Осенью 1942 г. в «Правде» печаталась пьеса Корнейчука «Фронт». Я ее прочитал. Приехал на кирпичный завод полковник Черных. Были Сваричевский, Сетенко и еще один майор. Стали обсуждать новую пьесу. Собравшимся она не нравилась надуманностью ситуации. Вставил слово и я, сказав, что даже мой старый знакомый Усанов не был таким дураком, как полковник Удивительный, да и почему во главе армии оказался никуда не годный командующий. Как это могло случиться? На эту сторону дела обсуждавшие пьесу внимания не обратили. Поэтому мои замечания остались без ответа. Черных покачал головой, восприняв мою речь с таким же удивлением, как Валаам разглагольствования своей ослицы. Когда же все ушли, Сваричевский мне сказал, чтобы я не болтал лишнего, особенно в присутствии лиц из особого отдела. Оказалось, что незнакомый майор – это офицер из контрразведки и фамилия его Знаменский. Я принял к сведению предупреждение подполковника. Впрочем, до конца войны у меня сохранялись отличные отношения с майором Знаменским и другими работниками особого отдела. Гораздо больше, чем пьеса Корнейчука, «Фронт», мне понравились «Русские люди» Симонова, особенно сцена, в которой Глоба с песней уходит умирать.
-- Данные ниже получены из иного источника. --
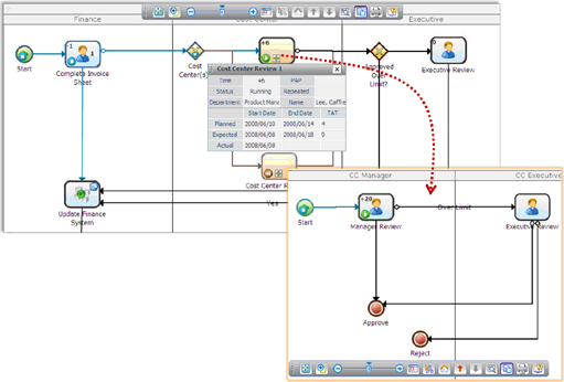 BizFlow超出了简单的图形化的流程工作项的显示。工人和管理人员可以很容易地从一个流程图发现重要的处理细节,如已用时间,在截止日期之前认为完成的实例,以及在处理的实例总数。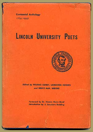 First edition. Edited by Waring Cuney, Langston Hughes and Bruce McM. Wright. Foreword by Dr. Horace Mann Bond. Introduction by J. Saunders Redding. Fine in an about very good dustwrapper with small tears and a tiny chip. One of 1000 copies of this Centennial anthology of poems by graduates of the traditionally African-American university with contributions by the three editors, as well as by Melvin B. Tolson, Edward Silvera, George Chester Morse, John M. Williams and several others. This copy has been Inscribed or Signed by editor Wright, Raymond Patterson, Herman R. Branson (President of Lincoln at the time of the presentation), and several other African-American literary figures and/or Lincoln alumni and faculty. Laid in is a letter from the Director of Alumni Relations informing his correspondent that they have no address for Waring Cuney. Scarce title.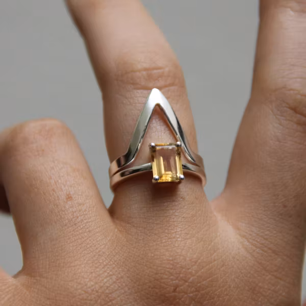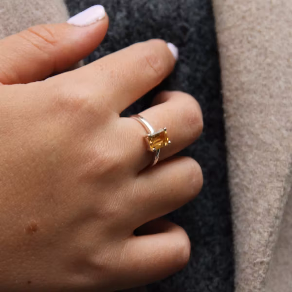 En vacker ring med en äkta citrin. Med sin glittrande, gula färg fångar den ögat direkt. Supersnygg att matcha med guld! GUL CITRIN: Citrin sägs hjälpa oss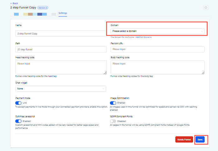 - Navigate to Funnels. Click into a funnel and choose “Settings”. Here you can select the domain for the funnel.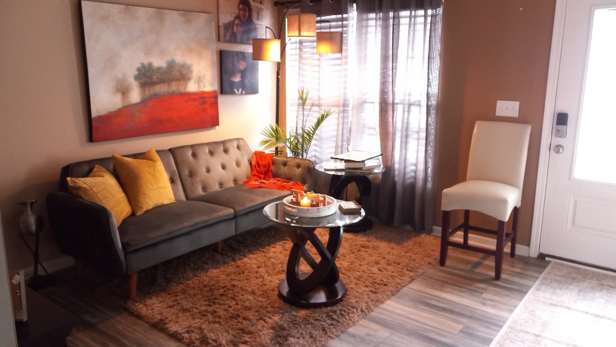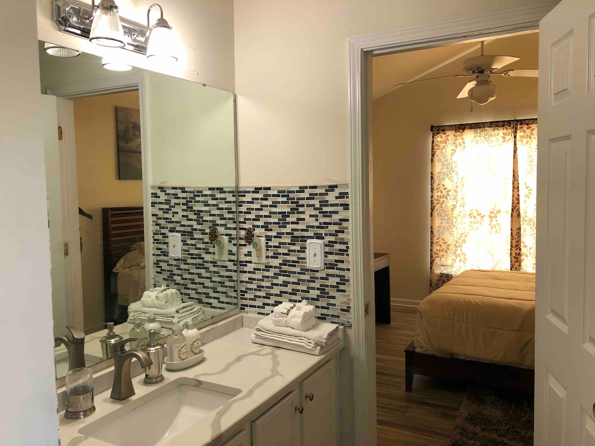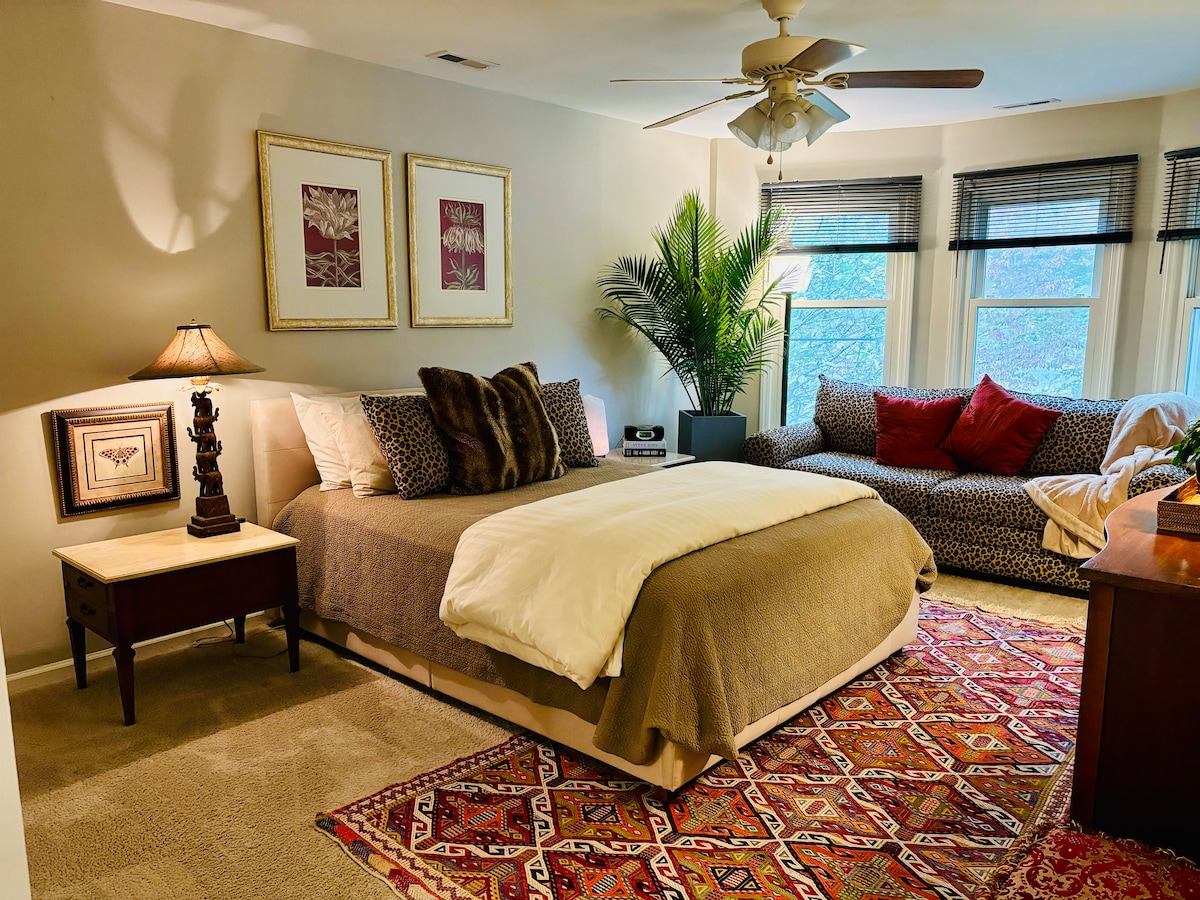 very nice and comfortable master bedroom, mini fridge, coffee station, recliner, shower and bathtub, 2 closets, a welcome basket with water and goodies, parking space available, very well illuminated, ventilated.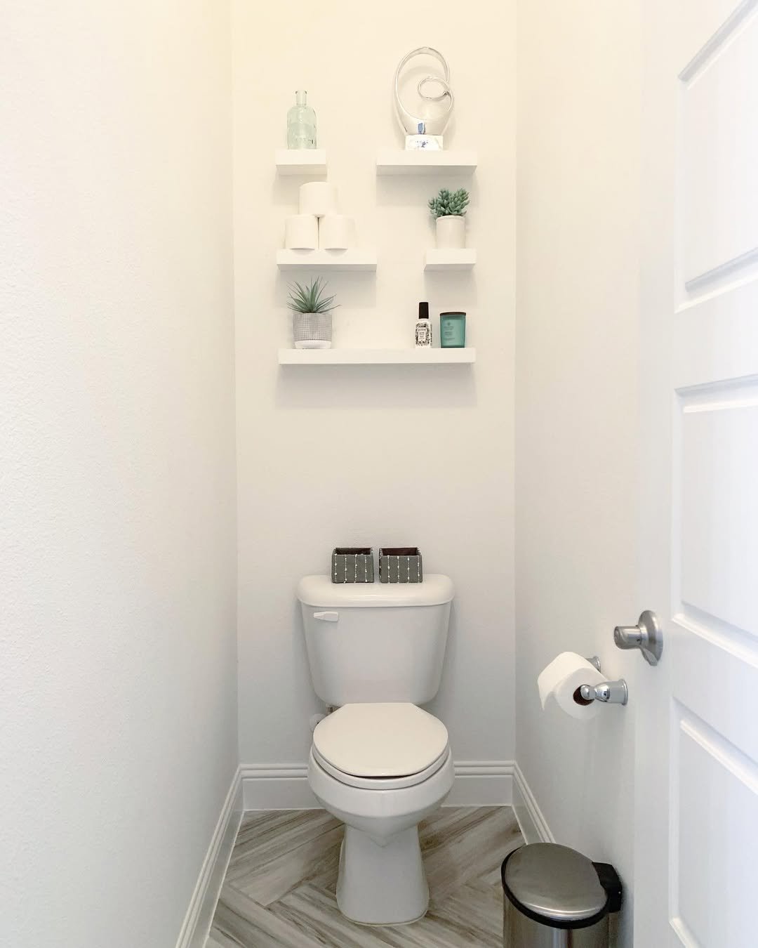 This setup is proof that even the tiniest bathroom corner can have main-character energy. Those small floating shelves stacked vertically feel super intentional, almost like a gallery wall—but make it functional. Everything has its place, and nothing feels crammed.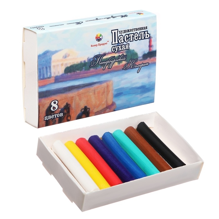 Пастель сухая, набор 8 цветов, Колер "Петербургская", D-8.5мм /L-60 мм, художественная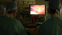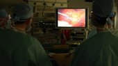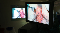 Druhý lékař ovládá kameru. Operující lékař celý zákrok nesleduje přímo, ale na displeji, kde mu promítají zvětšené záběry z kamery. Tento postup je velmi přesný a šetrný, zároveň ovšem nesmírně složitý na koordinaci.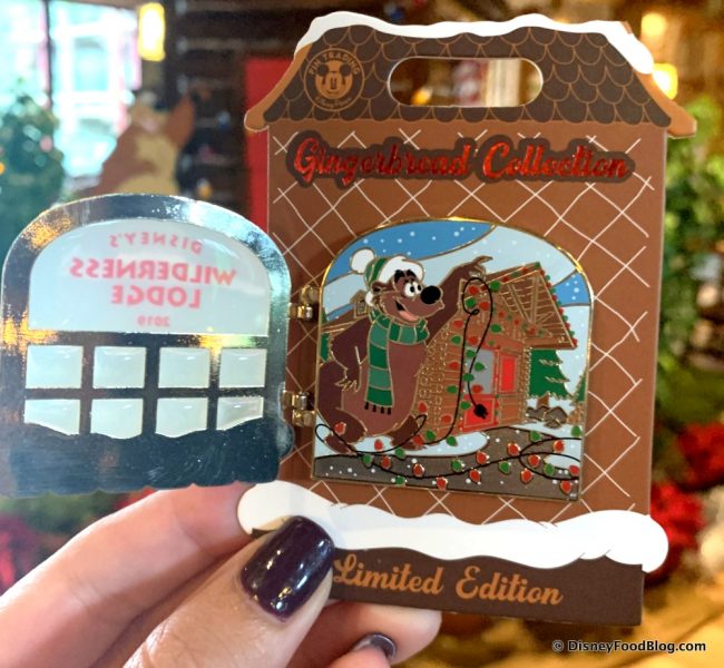 And it just wouldn’t be a Disney World gingerbread display without its own merch — check out the exclusive 2019 Disney’s Wilderness Lodge Gingerbread Collection Pin for $17.99.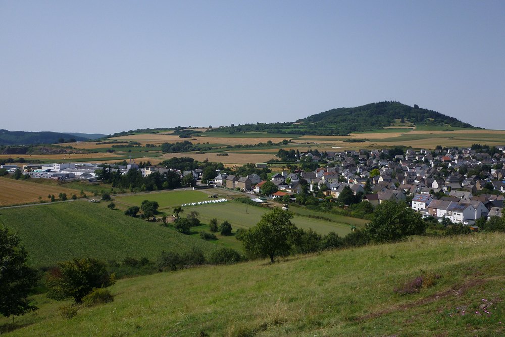 4) nordwestlich auf das Örtchen Ettringen sowie den Berg Hochsimmer im Hintergrund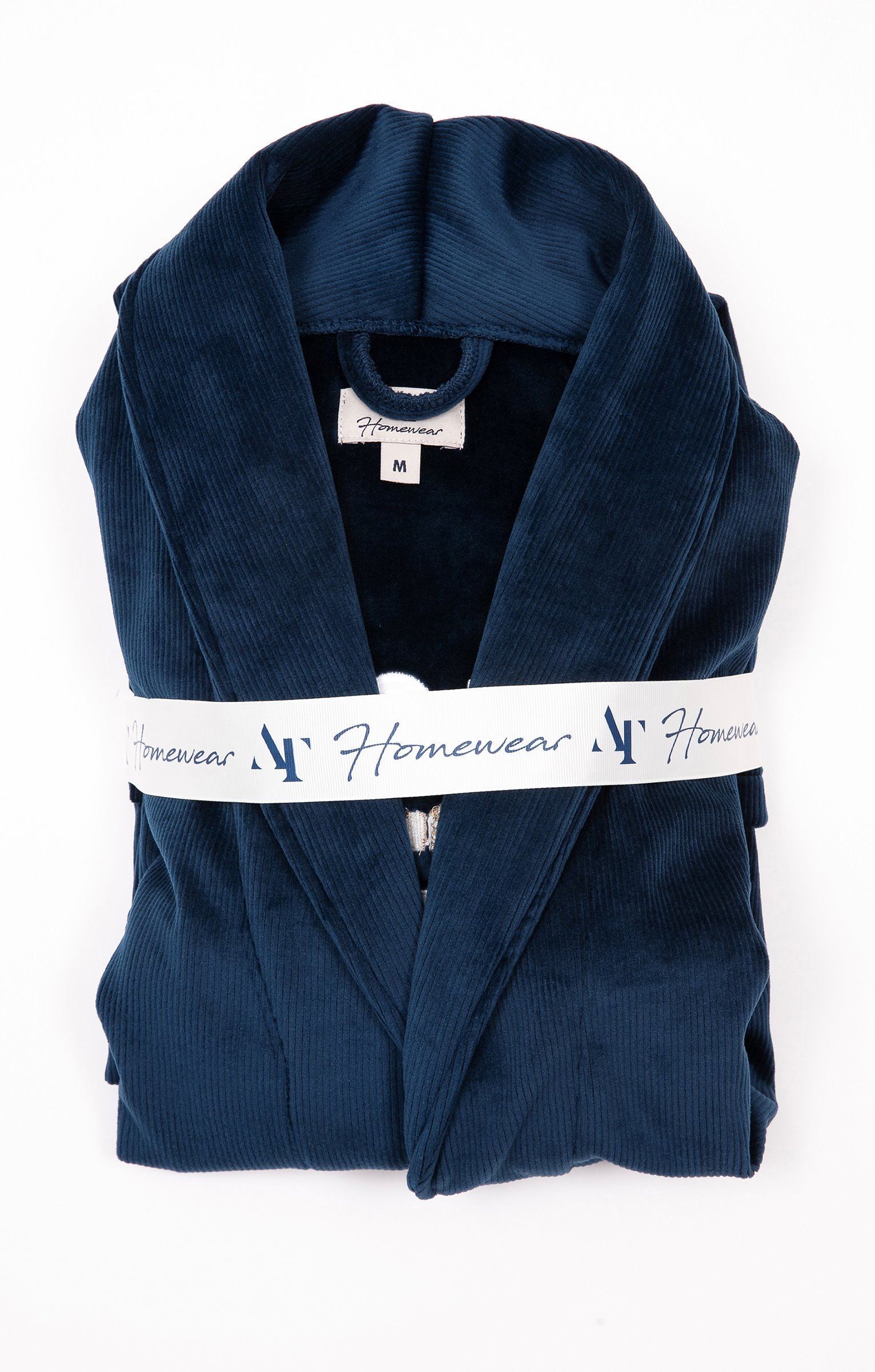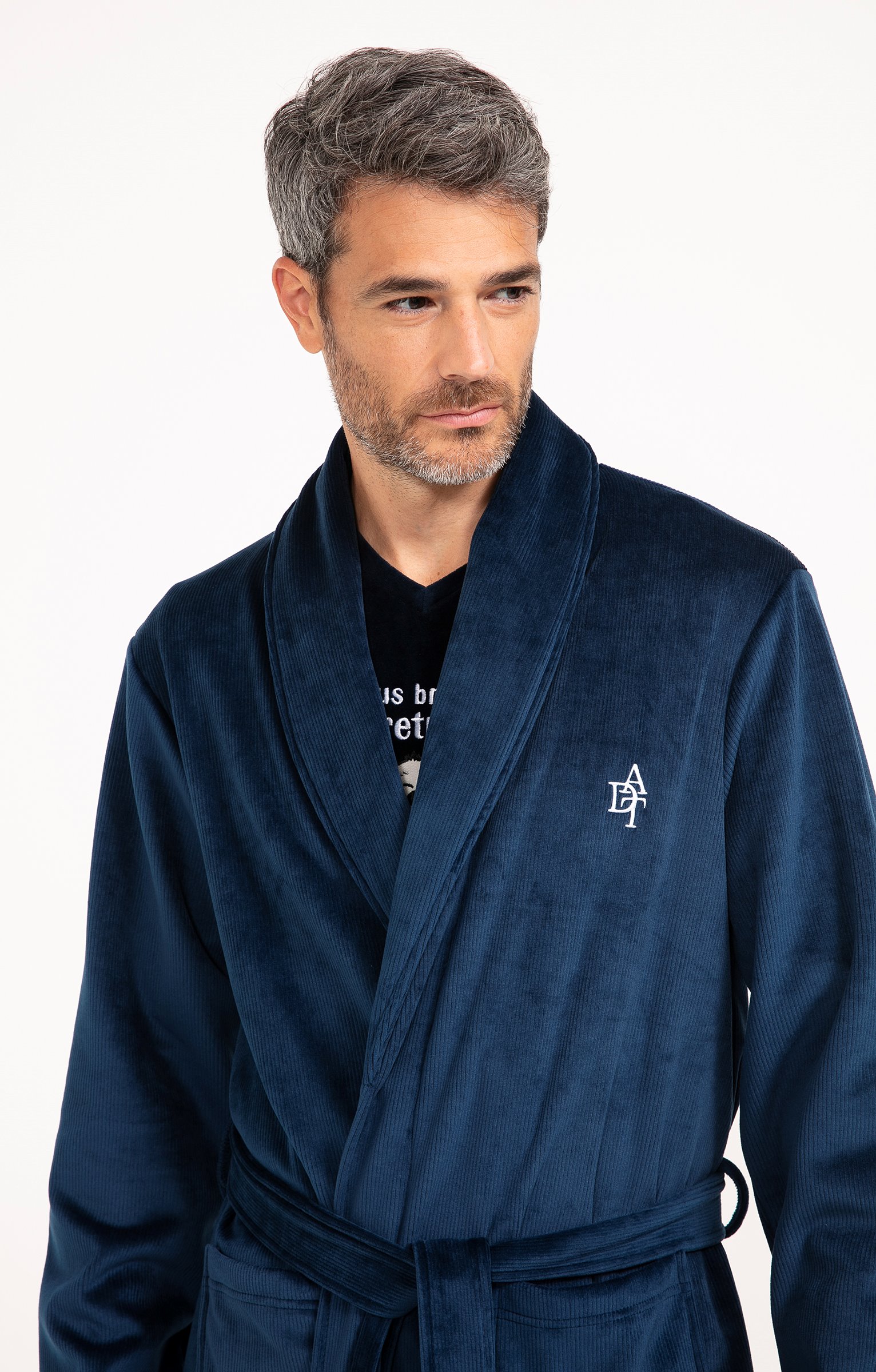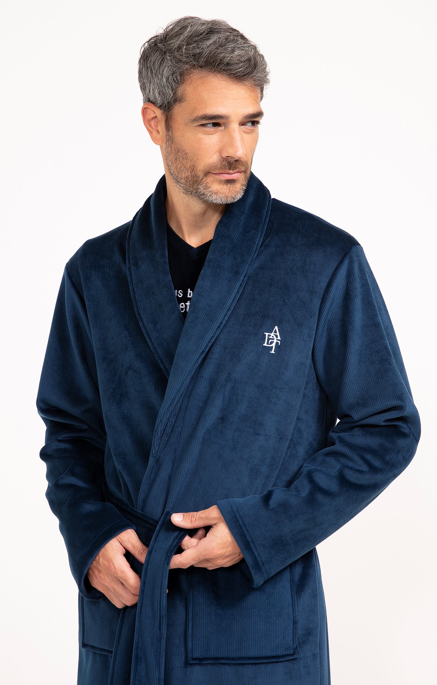 Notre mannequin Mathieu mesure 1m84 et porte un peignoir taille M.

Все рассказанное вовсе не свидетельствует о развеселой жизни. Это эпизоды. Повседневность была трудной, ответственной, подчас опасной. И потому я писал в октябре 1942 г., сидя в пустой комнате расшатанного взрывами домишки у печи для обжигания кирпича:
Так вспоминалась Нина. Прошел только год с того дна, когда я простился с ней на площади Ногина. Но этот год равнялся нескольким жизням.
Во второй половине сентября 40 Армия частью сил повела наступление на Воронеж. Я был посвящен в его подготовку. Подполковник Сваричевский ничего от меня не скрывал. Я знал даже о дне начала наступления. Пожалуй, здесь нужно остановиться на одном психологическим моменте. Знать день наступления – значит владеть важнейшей военной тайной. Участвовать в работе разведотдела (а я в ней участвовал, собирая информацию, ведя карту), отвечать на некоторые вопросы командующего (я переводил ему некоторые письма убитых немцев, называл номера немецких частей по солдатским книжкам) – все это достаточно ответственные дела. Я мучился от желания поделиться своей осведомленностью, хотя бы с ближайшими друзьями – лейтенантом Белодедом или поварам Зюзей. Ведь они задавали мне многочисленные вопросы, жаждали новостей, а я мог бы удовлетворить их любопытство.
Меня распирало от обилия доверенных секретов. Но я выдержал испытание. Ни в тот раз, никогда позже я не проронил и слова, касавшегося моих дел, независимо от степени их важности. Позднее начальник отдела информации капитан Прочаев – очень штатский человек – сказал мне, склонив по привычке голову на правое плечо: «Леша, ты знаешь военные секреты. Никому о них не рассказывай. Для удовлетворения честолюбия достаточно того, что тебе их доверяют». Он был прав.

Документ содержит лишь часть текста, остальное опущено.